В наследство от Кубари, кстати, мало известного в Польше[48], остались его бесценные труды да памятник на острове Понапе. Ныне польский ученый признан мировой наукой самым выдающимся знатоком Каролинских островов.
Наша шхуна, пройдя все эти исторические места, причалила наконец к набережной порта в Маданге, где нас ожидал представитель администрации с… разрешением выехать на острова Тробриан. Мы были вне себя от радости; журналистское счастье нам улыбнулось! Как раз в пятидесятую годовщину окончания исследований выдающегося ученого-поляка мы сумеем побывать в местах, где он проводил свои исследования. Благодаря профессору Малиновскому аборигены островов Тробриан стали наиболее изученным в этнографическом отношении народом Океании, а он сам, в свою очередь, снискал себе славу «Коперника мировой антропологии и этнографии».

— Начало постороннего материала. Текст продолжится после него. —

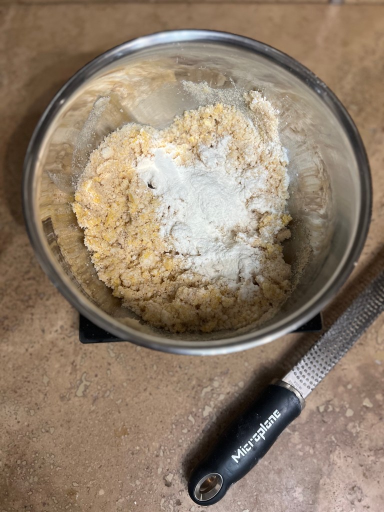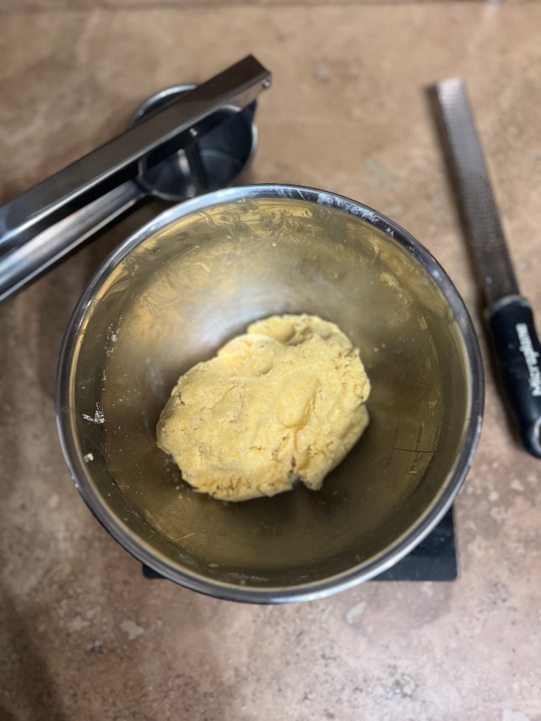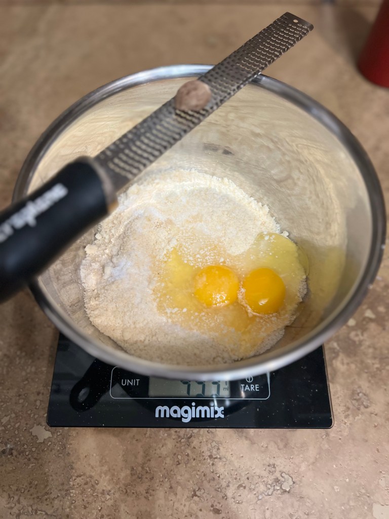 In una ciotola mettere parmigiano e pangrattato , farina , sale pepe ,scorza di limone ed in fine la noce moscata , aggiungere le uova ed amalgamare il tutto a mano fino ad ottenere un composto liscio e morbido , coprire la ciotola e lasciare a riposo in frigorifero per tre ore oppure tutta la notte .

Бронислав. Малиновский — один из немногих иностранцев, которому знаменитый Гарвардский университет в США присвоил по случаю своего трехсотлетнего юбилея почетную докторскую степень. Родился он в Кракове в 1884 году, учился в Ягеллонском университете, а умер в 1942 году в Соединенных Штатах Америки.
Его научная деятельность, в процессе которой он совершил немало путешествий и опубликовал множество научных трудов, привела, в частности, к тому, что при Лондонском университете специально для него была создана кафедра социальной антропологии. Самой выдающейся его работой была книга «Сексуальная жизнь дикарей» (1929 год), написанная вскоре после пребывания ученого на островах Тробриан.
Всю свою жизнь профессор Малиновский проявлял большой интерес к родной стране и поддерживал постоянный контакт с семьей, по сей день проживающей в Польской Народной Республике. Убежденный либерал и гуманист, Бронислав Малиновский был ярым врагом нацистов; его книги значились в черных списках Геббельса. Когда вспыхнула война, заставшая его уже в США, и Польша была оккупирована гитлеровцами, профессор, опираясь на свой большой авторитет, которым он пользовался тогда в этой стране, стал активно выступать за участие США в антигитлеровской коалиции.